How to include temperature effect in optical bloch equations (optical pumping)?

Question

My problem is about the optical pumping of Alkali atoms by circularly polarized pump light. Consider a circular polarized light ($\Delta m=+1$) $$\vec{E}(z,t)= \vec{E}^{(+)}_0 e^{-i\nu t}+c.c. $$ incident on a $\Lambda$-type atom (shown below). The optical bloch equation (OBE) $\dot{\rho}=[H_0+V,\rho]/(i\hbar)-1/2\{\Gamma,\rho\}$ (where $V=-e \vec{r}\cdot \vec{E}$) from standard textbooks is

$$\dot{\rho}_{11}=\frac{1}{i\hbar}(V_{13}\rho_{31}-\rho_{13} V_{31})+\gamma_{31}\rho_{33},$$ $$\dot{\rho}_{22}=\gamma_{32}\rho_{33}, $$ $$\dot{\rho}_{33}=-\frac{1}{i\hbar}(V_{13}\rho_{31}-\rho_{13} V_{31})-\gamma \rho_{33},$$ $$\dot{\rho}_{31}=-(i\omega_{31}+\gamma/2)\rho_{31}+i(\rho_{33}-\rho_{11})\frac{V_{31}}{\hbar}.$$ From the last equation we get the solution for $\rho_{31}$: $$\rho_{31}=\frac{(\rho_{33}-\rho_{11})V_{31}}{\omega_{31}-\nu-\frac{i\gamma}{2}}$$ where $\gamma=\gamma_{31}+\gamma_{32}$. Inserting this into the other equations and finding static solutions $\dot{\rho}_{11}=\dot{\rho}_{22}=\dot{\rho}_{33}=0$ results in $\rho_{22}=1, \rho_{11}=\rho_{33}=0$. We immediately see the problem: the atomic ensemble is completely pumped into the $m=+1/2$ ground state even when the pump light is very weak (as long as it's nonzero!!).

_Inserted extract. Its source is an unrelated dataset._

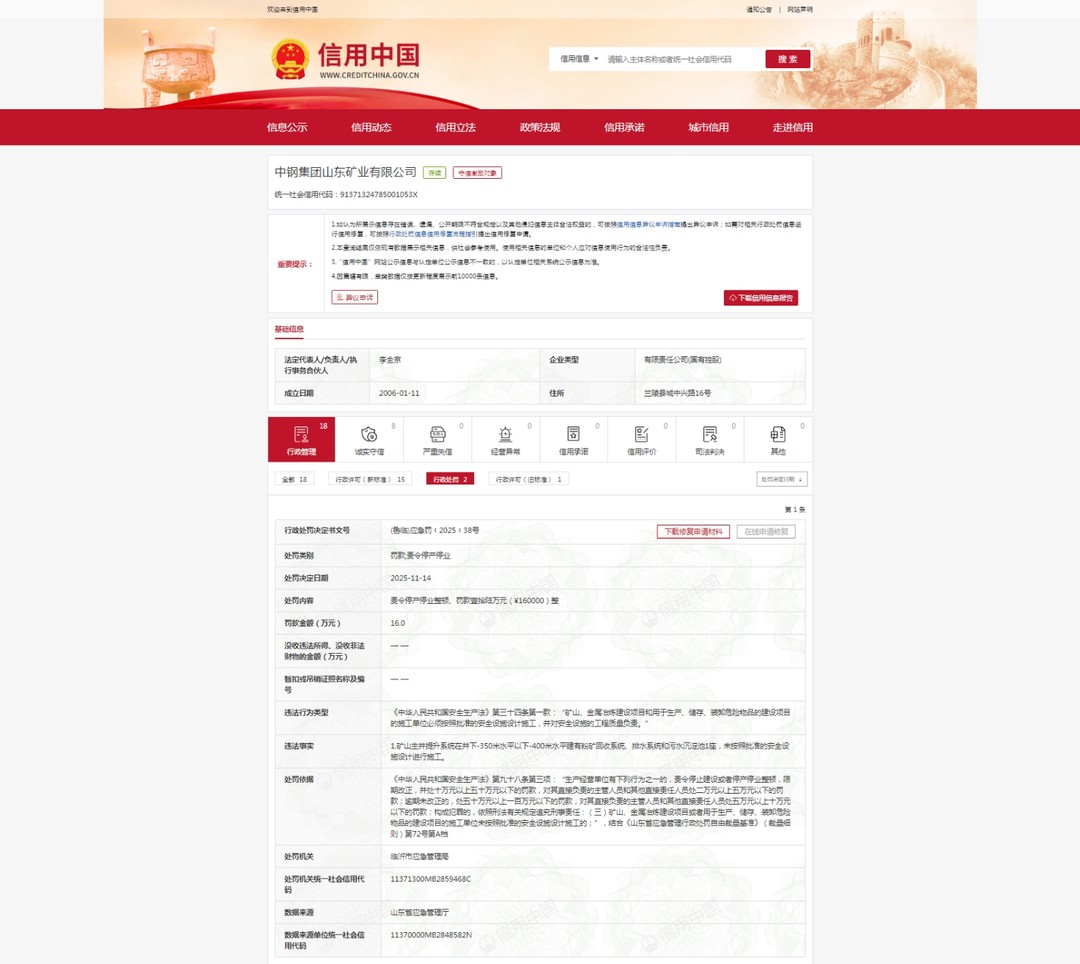 齐鲁晚报·齐鲁壹点记者于信用中国行政处罚信息栏获悉,11月14日,中钢集团山东矿业有限公司(下称“中钢山东矿业”)收到罚单,其处罚类别是“罚款;责令停产停业”,处罚机关为临沂市应急管理局。

That's quite ridiculous. We know from intuition that when the pump light is sufficiently weak, the atoms are distributed according to Boltzmann law $$\rho=e^{-\beta H_0}/Z$$. Seems that we need to include other terms in OBE so that its solution could reproduce Boltzmann law at weak field limit. How to do this?

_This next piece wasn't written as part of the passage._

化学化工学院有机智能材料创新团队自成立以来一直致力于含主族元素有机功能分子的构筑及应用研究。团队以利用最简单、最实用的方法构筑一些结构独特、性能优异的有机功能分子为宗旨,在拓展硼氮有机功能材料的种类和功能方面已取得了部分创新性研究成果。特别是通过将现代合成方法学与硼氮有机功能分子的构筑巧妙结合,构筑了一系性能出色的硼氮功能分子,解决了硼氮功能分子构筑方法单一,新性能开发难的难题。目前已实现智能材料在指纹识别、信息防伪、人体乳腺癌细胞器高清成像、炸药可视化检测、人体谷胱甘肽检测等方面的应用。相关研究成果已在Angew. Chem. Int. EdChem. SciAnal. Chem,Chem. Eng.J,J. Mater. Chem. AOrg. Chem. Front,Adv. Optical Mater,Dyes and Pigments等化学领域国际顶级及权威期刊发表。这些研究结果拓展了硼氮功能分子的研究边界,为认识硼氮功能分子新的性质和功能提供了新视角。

Note: Yeah, at room temperature and optical frequency the Boltzmann distribution gives approximately $\rho_{11}=\rho_{22}=1/2, \rho_{33}=0$ since $\Delta E_{Zeeman}\ll kT\ll \hbar \omega_{31}$, which should have been the static-state solution of the OBE in the weak pump light limit. But my model fails, because, as I learned later, that I should have included in the first two equations of OBE terms that account for ground state relaxation due to collisions between the atoms and the wall. Pumping light tends to pump the atoms to $\rho_{22}$, while collisionoal relaxations tends to erase the population difference between $\rho_{22}$ and $\rho_{11}$. It is their competition that determines the static state population. My current trouble is that I don't know whether someone has seriously considered about the collisional relaxations of Alkali-atoms in any theoretical model of optical pumping?

Answer 1

First, I don't think the result, $\rho_{22}=1, \rho_{33}=\rho_{11}=0$, is ridiculous given the way how you modeled the $\Lambda-$type atom. Basically, the ground level "2" of $m=+\frac{1}{2}$ has no leakage of the energy. As the weak light keeps pumping the energy into the system, a portion of it keeps being accumulated to the ground level "2". This is seen from the second equation $\dot{\rho}_{22}=\gamma_{32}\rho_{33}$. Therefore it is a correct result derived from the ansatz. Otherwise (at least) an additional leakage term needs to be added in the second Bloch equation to prevent this effect:

$\dot{\rho}_{22}= -\kappa\rho_{22} + \gamma_{32}\rho_{33}$

Secondly, to involve the thermal equilibrium effect in the Bloch equations, you have to link the spontaneous decay rate $\gamma$, $\kappa$ and the pumping rate $|V_{13}|$ through the thermodynamical ansatz, namely, the Boltzmann's law.